To an environmental scientist this is an insidious problem known as shifting baselines. If change is happening on the scale of decades, people have trouble recognizing it’s happening at all. It affects our perceptions of everything from fishery catches to songbird declines to the numbers of monarch butterflies and fireflies we see each year. The penguin revolution has happened within the career span of a single Antarctic scientist. But before too long, gentoos will have been at Palmer, and summers will have been ice free, and Adelies will have been scarce, for as long as anyone at the station can remember.
That’s why it’s so important to have scientists collecting ecological data year after year, in a long series of data columns that extend back as far as the first baseline that anyone ever collected.
Return to Litchfield
In late January, Donna took me on a tour of Litchfield Island. It’s a skirt of pebbled beaches surrounding three tall bluffs covered in rare Antarctic mosses. The rocky beaches are still stained faintly pink, and bone fragments—seal and penguin—are mixed with the rocks.
“There were 700 pairs when I got here [in 1991],” Donna said, “The same size as Torgie is now.”
Off to the east lay Christine Island, and beyond that Cormorant Island. These are the next two islands that will lose their Adelies, Donna said, without a trace of uncertainty. On a survey of Christine a few days earlier, as thick snowflakes blew out of a soggy sky, the team had counted 82 adults and just 5 surviving young. In 1989 there had been 1,277 pairs—about the same number now at Torgersen, the biggest remaining colony. “It’s about as bleak as bleak gets,” Donna said.

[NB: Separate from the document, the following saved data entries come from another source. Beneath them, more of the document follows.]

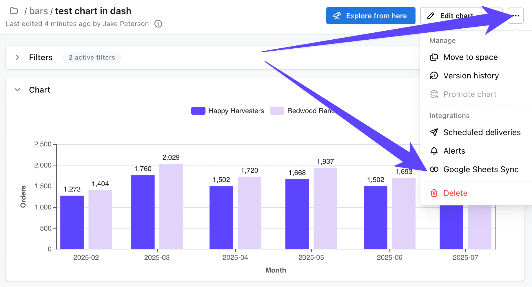 All users with editor access or above can create Syncs. To do this, open your chart in view or edit mode, click the three-dot menu in the top-right corner, then click on Google Sheets Sync.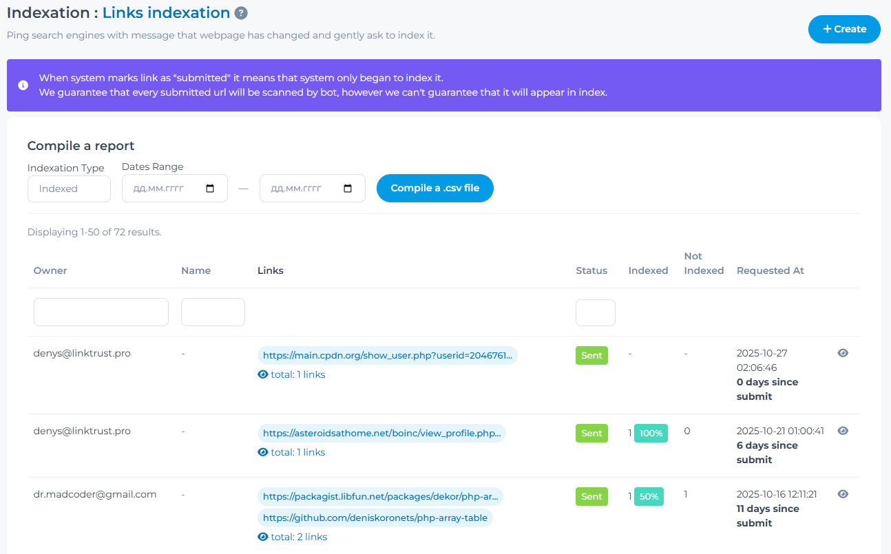 - Переглянути і завантажити звіт по індексації з фільтрами і сотруванню.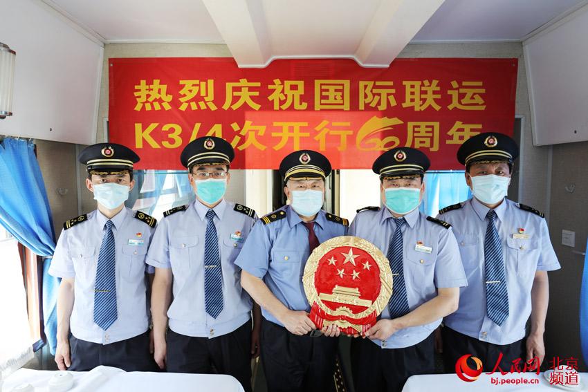 Crew members of the K3/4 train pose for a group photo in a carriage. (Photo/Yin Xingyun)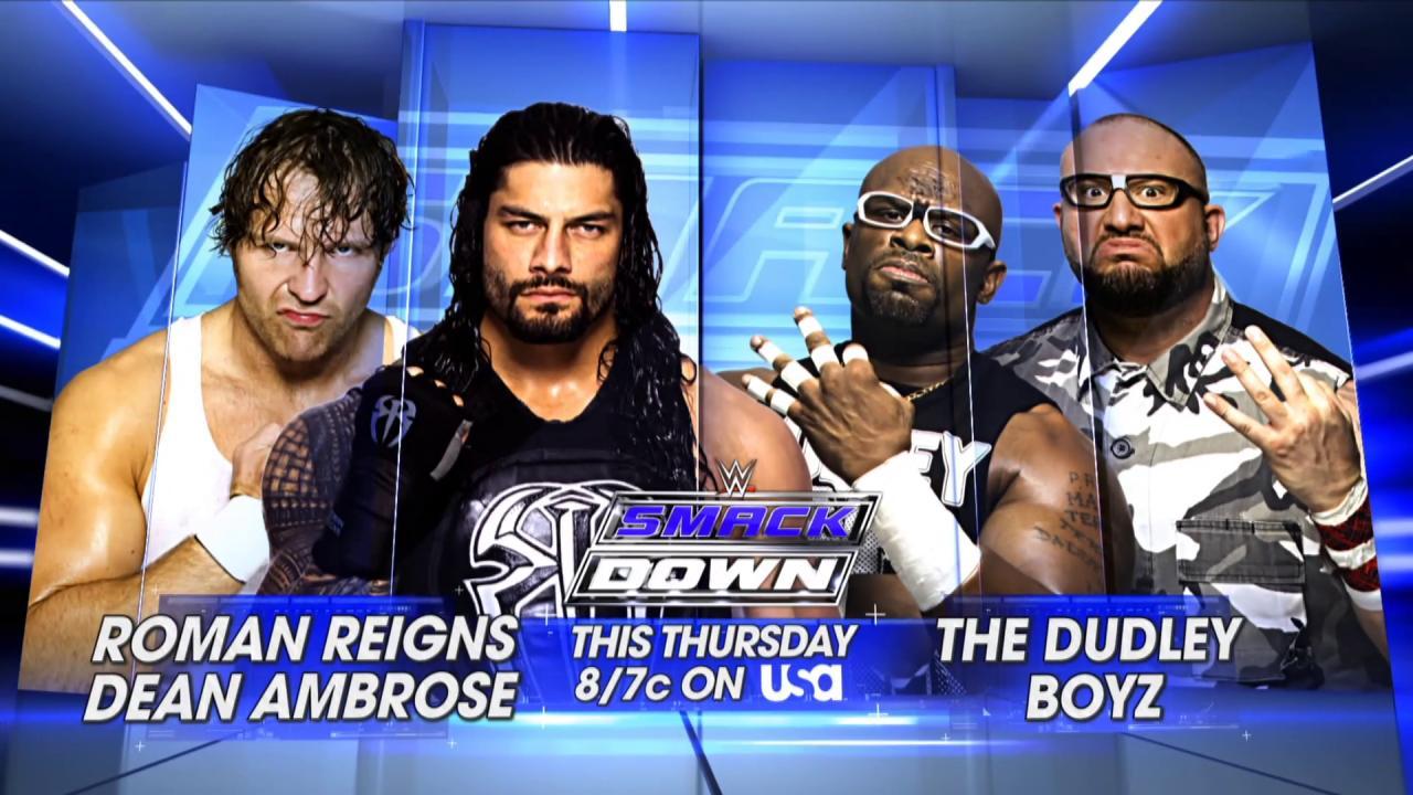 WWE anunciou noite passada durante o Raw, que Dean Ambrose & Roman Reigns irão enfrentar os Dudley Boyz na próxima edição do SmackDown.

Just then, I spotted that lone, wide-eyed Adelie picking up a pebble. Who knows what evolutionary imperatives it was obeying in that moment. The bird knew it needed to build a nest out of rocks, but it had not yet figured out it would need a supply of sea ice to fill its chicks’ bellies with krill.
Adelie Penguins are extremely site-faithful. Most return to breed at the exact same subcolony where they hatched as chicks. Perhaps this young bird was one of the last chicks Litchfield ever fledged, eight years ago. To its eyes, did this beach still look like home? Would it be back next year, to gather pebbles and to wait for a mate? I preferred to see the bird as still young and impressionable. Perhaps it will find some sea ice this autumn, fall in with a new group of penguins, and settle somewhere south of here, where prospects for an Adelie are better.
After seeing the changes at Palmer, it hardly makes sense to talk about whether climate change is real. It’s like sitting in a city park on a hot day and debating whether it’s cooler under the shade trees or in the full sun. You can set up thermometers and debate whether they’re properly calibrated. Or you can watch where the picnickers set up their blankets.
“If I give a talk [back home in Montana], I tell people straight up: I’m not here to change your mind, but I will tell you what I see,” Fraser said. That’s the essence of science—the belief that with enough careful observation, the truth will come out into the open.
“Welcome to the future,” she said. “It’s here.”